GP leaders have rejected a motion for the GPC to explore a move away from the independent contractor status.

In a heated debate at the Special LMC conference, GP leaders presented arguments for and against a future where all GPs would be salaried to the NHS.

The motion suggested that because ‘many younger GPs currently prefer to be salaried rather than partners’, the GPC should look at ‘future contractual models’ which ‘explore all options including movement away from independent contractor status’.

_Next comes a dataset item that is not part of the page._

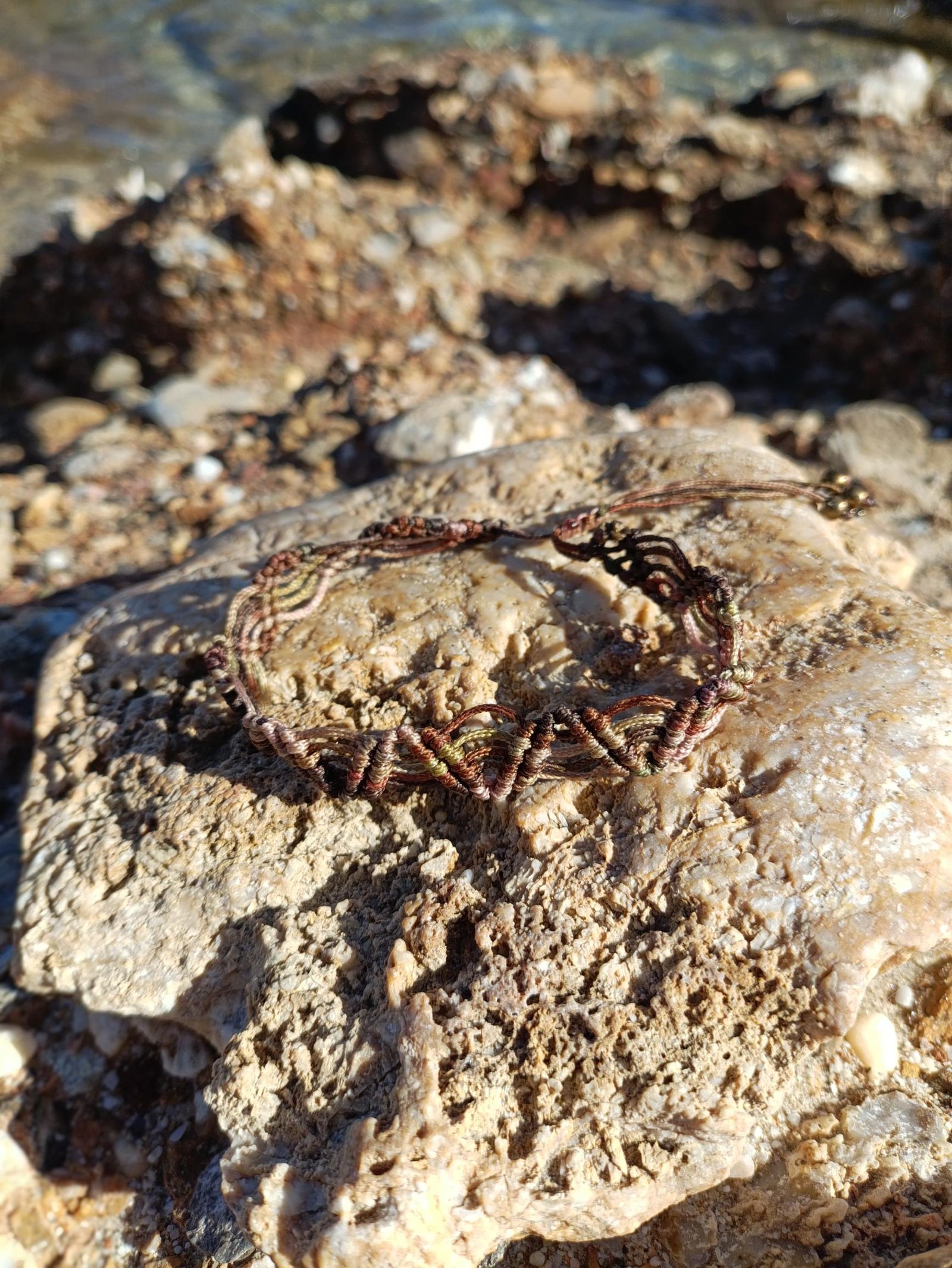 Μακραμέ βραχιόλι αστραγάλου καφέ-μπεζ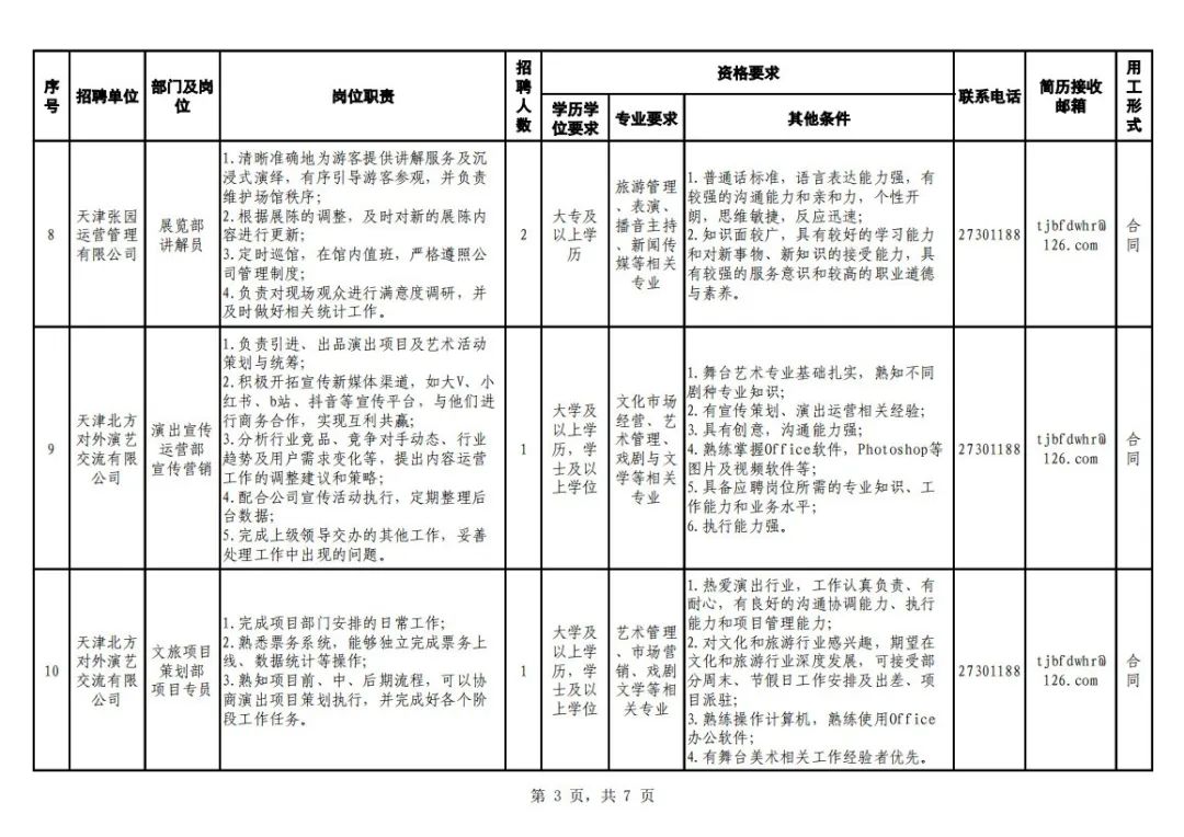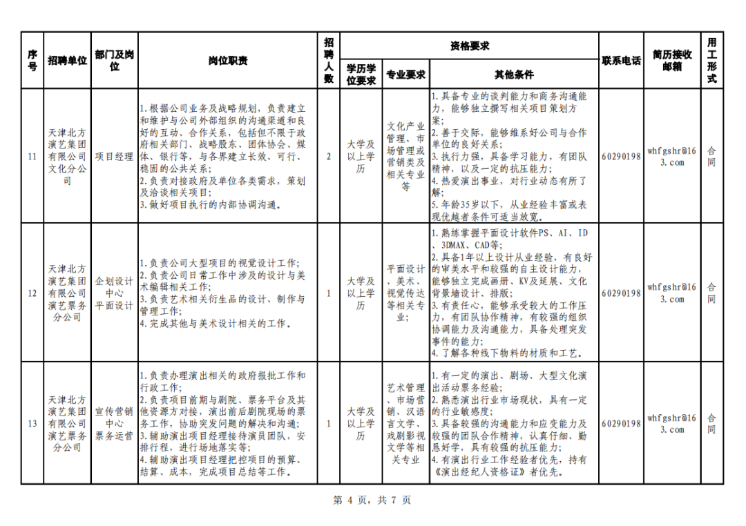 10. 天津北方演艺集团有限公司文化分公司项目经理2名;

Presenting the motion, Buckinghamshire, Berkshire and Oxfordshire LMC chief executive Dr Paul Roblin said it merely suggested the GPC explore all options. Despite this, there was strong sentiment against the proposal.

Dr Roblin said the time had come to explore the fully salaried option because ’many GPs now prefer employed status’, quite unlike the sentiment following the introduction of the 2004 new GMS contract, since which GPs have been ‘portrayed as fatcats’ by politicians and the media.

He said: ’So we have seen a change, and the key issue for me is that partnership has become unpopular – being an employer is unpopular – for all the reasons that I think we all know too well: difficulty in recruitment, bureaucracy, annual changes to the contract and overregulation and the degree of risk that becoming a partner entails – particularly committing to building leases, committing yourself financially.

’For all these reasons, younger doctors are wary of seeking partnership and the older doctors are exiting the profession at a rate I have not seen before in my life.’

Also speaking for the motion, Dr Thomas Micklewright from the GPC education and training subcommittee said he had ’no intention of becoming a GP partner in my lifetime’.

He said: ’As it stands, as I see it, a salaried service could provide contractual limits on unsafe working conditions. It could allow for investment in post-CCT training with paid study leave equal to secondary care doctors, and would force politicians to finally take responsibility for the workload crisis that they have created.’

But speaking against the motion, Doncaster LMC medical secretary Dr Dean Eggitt suggested the mere suggestion was a ‘bomb’ that would explode and abolish general practice as the ‘bedrock’ of the NHS.

He said: ’We are not fighting for our livelihood but for the health of the nation, and this motion is a hidden bomb to that bedrock… To actively participate in a move towards a greater salaried model is not only the active giveaway of our goodwill and efficiency that is keeping the NHS afloat, but is the giveaway of our colleagues to private providers.

’Let’s call this motion for what it is, it is a move towards en masse, giving away of elf-employed status and becoming salaried to whomever is left, and loss of the efficiency and goodwill of the system.’

It is not the first time LMCs have voted on the possibility of all GPs going salaried, with the option of retaining the independent contractor status also being favoured at previous conferences.

However, a recent Pulse survey suggested that GP support for a move to a salaried service is increasing, with 26% now in favour and just over half (54%) opposed.

Ahead of the conference, the union Unite said in a statement that its GP members would be ’supporting the motion that asks the GPC of the BMA to investigate expanding the salaried GPs sector as the best way of stopping health secretary Jeremy Hunt imposing detrimental contractual changes on the GP profession’.

GPs in Scotland are already moving ‘as close as possible’ to a salaried service as part of the devolved health economy’s new contract model.

The motion in full

OXFORDSHIRE: That conference believes that many younger GPs currently prefer to be salaried rather than partners, and that in looking at future contractual models, the GPC Executive Team should explore all options including movement away from independent contractor status.

 

Readers' comments (9)

  • These dinosaurs need to ensure that they can offload their leases and staff redundancies onto poor unsuspecting younger doctors. Except that the younger generation isn’t as gullible as that. It really doesn’t matter what the LMC says on this one as young doctors are voting with their feet and simply not applying to become partners. Good for them!
    And for those unfortunate enough to be partners, now is the time to leave.
    Ditch the contract comrades!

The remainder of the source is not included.